Solder wettability was good under the influence of the t layer. NO. In No. 34, the temperature cycle test was suitable, indicating that the presence of the barrier metal was effective, but the solder wettability was poor. This indicates that Ni is not suitable as a barrier metal material. In addition, NO. In 35, since the metal layer 5 component and the brazing material layer 7 component are alloyed, the metal layer 5 hardens during the temperature cycle test and becomes unsuitable.
The solder wettability was poor due to the rise in the melting point of the brazing material layer 7 and the non-eutectic point of the composition.

[0033]

According to the present invention, Au, Ag, Cu or any of these is formed on a wiring layer in which an adhesion metal layer, a diffusion prevention layer, and a main conductor layer are sequentially laminated on an optical semiconductor element mounting portion on a diamond substrate. By providing a mounting electrode formed by forming a bonding layer in which a metal layer made of an alloy, a second diffusion prevention layer, and a brazing material layer are sequentially laminated, a large heat is generated between the diamond substrate and the optical semiconductor element. When distortion occurs, the metal layer is easily deformed, absorbs thermal stress due to thermal strain, and it is difficult for the large thermal stress to be transmitted to the optical semiconductor element side, so that the optical semiconductor element is less likely to be damaged. In addition, since the second diffusion prevention layer exists between the metal layer and the brazing material layer, when the brazing material layer is heated and melted to join the optical semiconductor elements, the metal layer component is contained in the brazing material layer. There is no melting and alloying, and no increase in the melting point due to a change in the composition of the brazing material layer. As a result, good bondability can be obtained.

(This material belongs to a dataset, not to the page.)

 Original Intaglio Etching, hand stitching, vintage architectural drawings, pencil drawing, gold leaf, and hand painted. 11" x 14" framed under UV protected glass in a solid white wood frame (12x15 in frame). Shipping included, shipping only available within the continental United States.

[Brief description of the drawings]

FIG. 1 is a partial cross-sectional view of a wiring layer and a bonding layer of a submount for mounting an optical semiconductor element of the present invention.

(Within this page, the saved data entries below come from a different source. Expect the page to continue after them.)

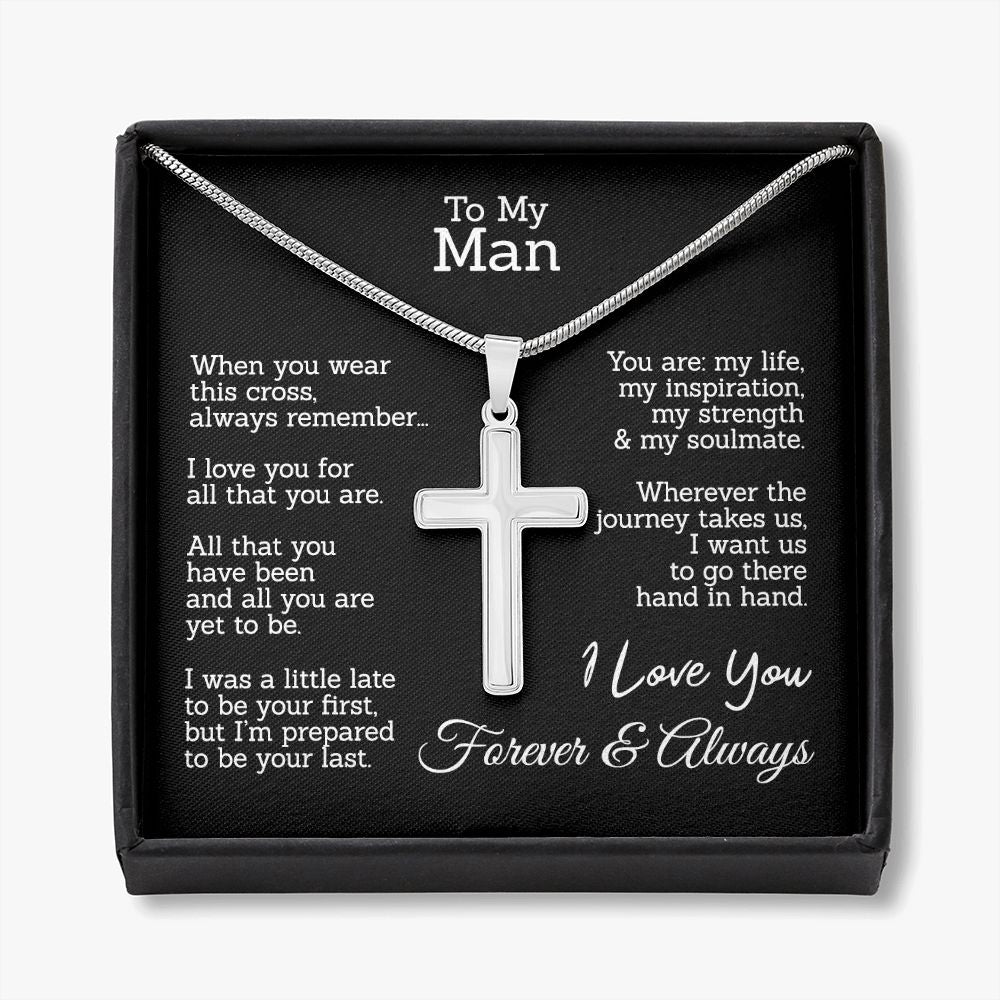 To My Man Cross Necklace Gift For Men From My Love Girlfriend Soulmate Wife Silver Gifts Jewelry For Men Stainless Artisan Crafted Cross Necklace with Message Card Luxury Box Personalized Cross Necklace
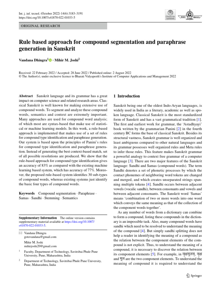 Rule Based Approach For Compound Segmentation and Paraphrase | PDF ...
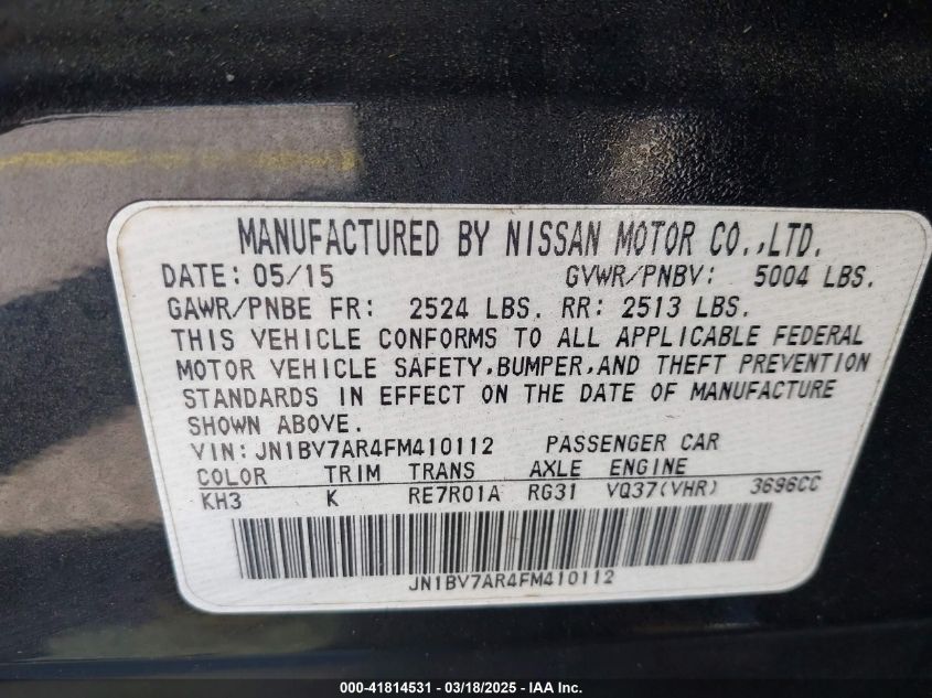 Color BlackCylinders 6Drive Full driveVIN JN1BV7AR4FM******State Run & Drive VerifiedDamage Front leftAuction date 2025-03-20 AutoRIA
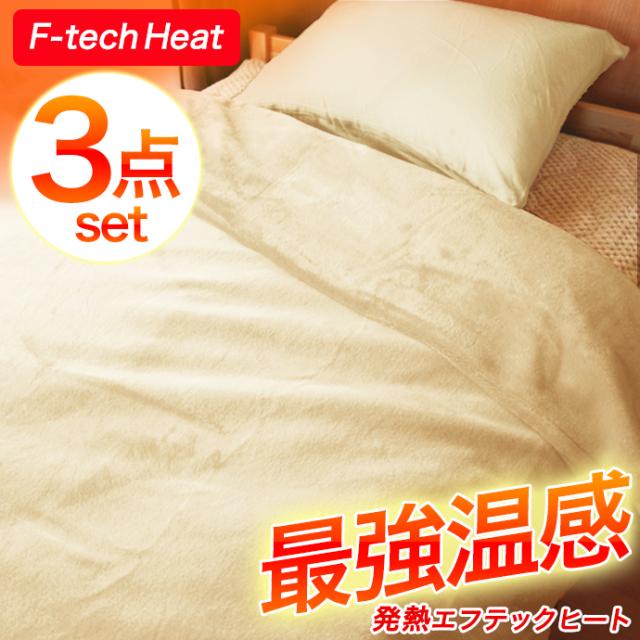 3点セット 保温 発熱 布団用セット シングル 毛布掛けカバー 敷きパッド 枕パッド 温感 ヒート 温かい あったか 冬用 吸湿発熱 F-tech エフテックヒート 掛け敷き布団セット シングル 3点セット 送料無料
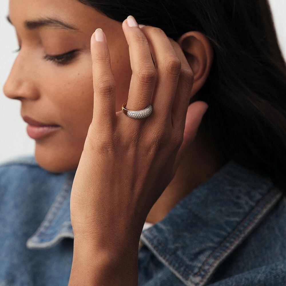 Bague en argent 925/1000 doré à l’or 750/1000 avec des griffe en ruthénium pavé d’une multitude d’oxyde de zirconium.
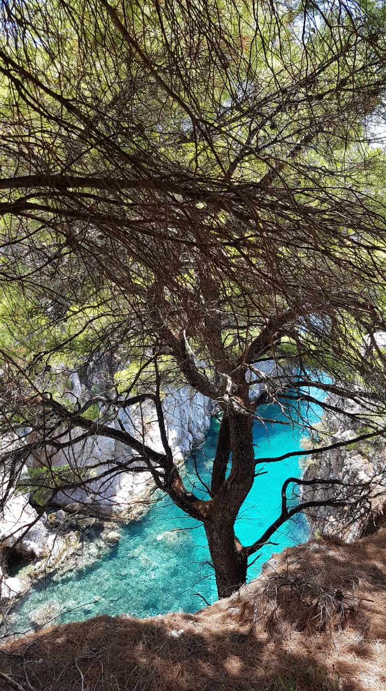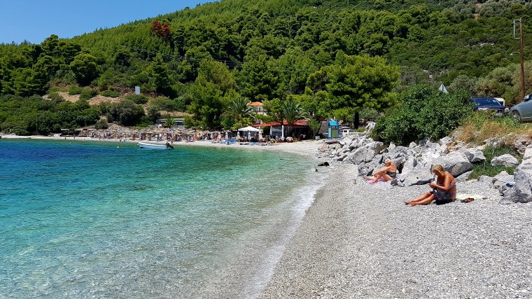 …..med sååå grönt kristallklart vatten!!!👌👌👌stranden består av småsten och det finns flera tavernor & tror faktiskt dom flesta hade gratis solsängar om man vill ligga på en sådan, ifall man köpte något då vill säg!!!
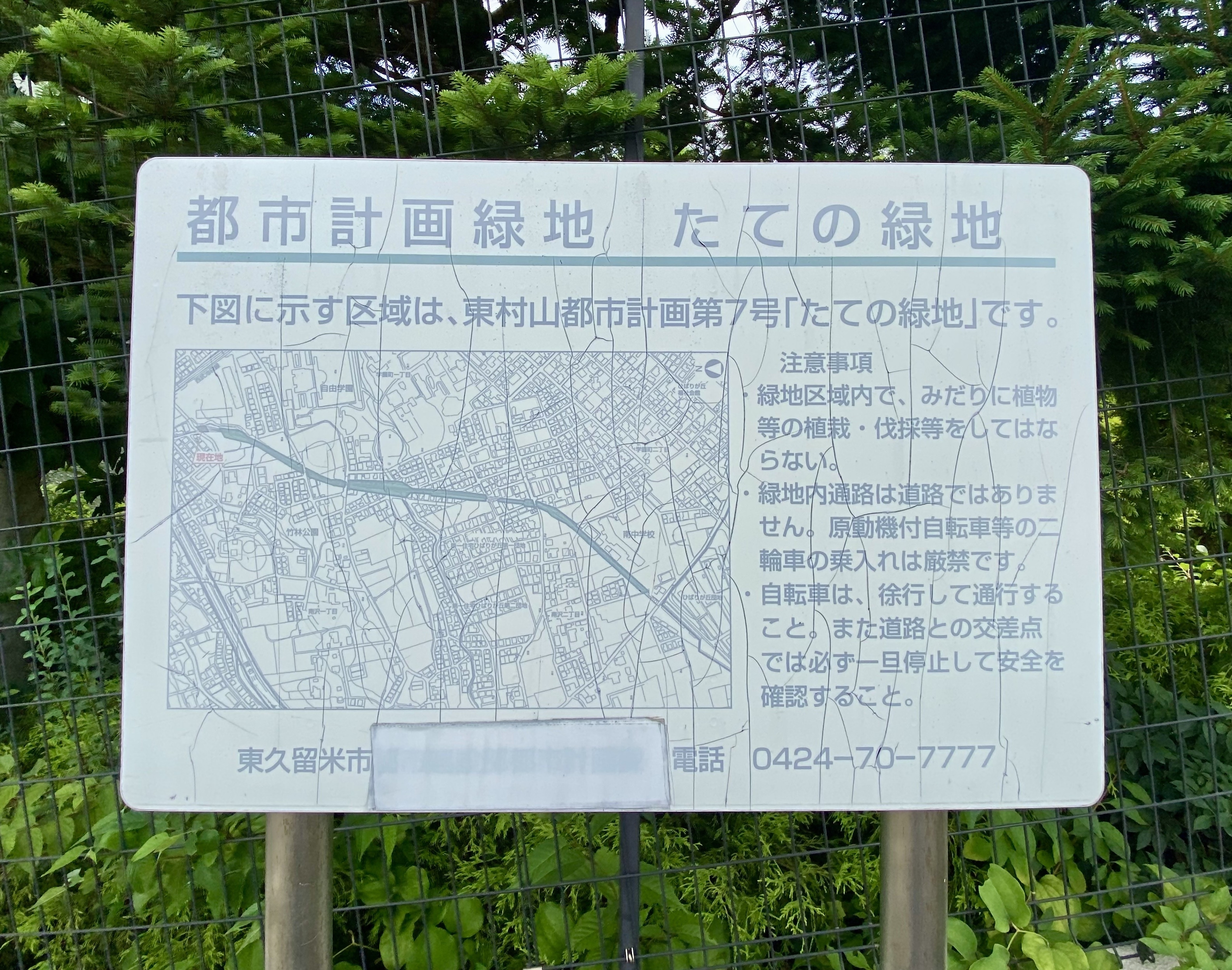 東京都東久留米市のたての緑地(緑道)にある看板。

FIG. 2 is a partial sectional view of a wiring layer and a bonding layer of a conventional optical semiconductor element mounting submount.

FIG. 3 is a partial sectional view of a wiring layer and a bonding layer of a submount for mounting an optical semiconductor element of the present invention on which a semiconductor laser is mounted.

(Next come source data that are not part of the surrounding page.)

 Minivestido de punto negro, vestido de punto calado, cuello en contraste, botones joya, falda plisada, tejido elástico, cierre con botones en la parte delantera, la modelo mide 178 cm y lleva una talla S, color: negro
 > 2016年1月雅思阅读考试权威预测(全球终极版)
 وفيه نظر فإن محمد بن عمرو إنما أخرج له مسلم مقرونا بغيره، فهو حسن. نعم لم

FIG. 4 is a plan view of an optical semiconductor element mounting submount of the present invention on which a semiconductor laser is mounted.

[Explanation of symbols]

 1: Diamond substrate 2: Adhesive metal layer 3: Diffusion prevention layer 4: Main conductor layer 5: Metal layer 6: Second diffusion prevention layer 7: Brazing material layer 8: Semiconductor laser

Claims (1)

[Claims] 1. A metal layer made of Au, Ag, Cu or an alloy thereof on a wiring layer in which an adhesion metal layer, a diffusion preventing layer and a main conductor layer are sequentially laminated on an optical semiconductor element mounting portion on a diamond substrate. A submount for mounting an optical semiconductor element, comprising: a mounting electrode formed by forming a bonding layer in which a layer, a second diffusion prevention layer, and a brazing material layer are sequentially laminated.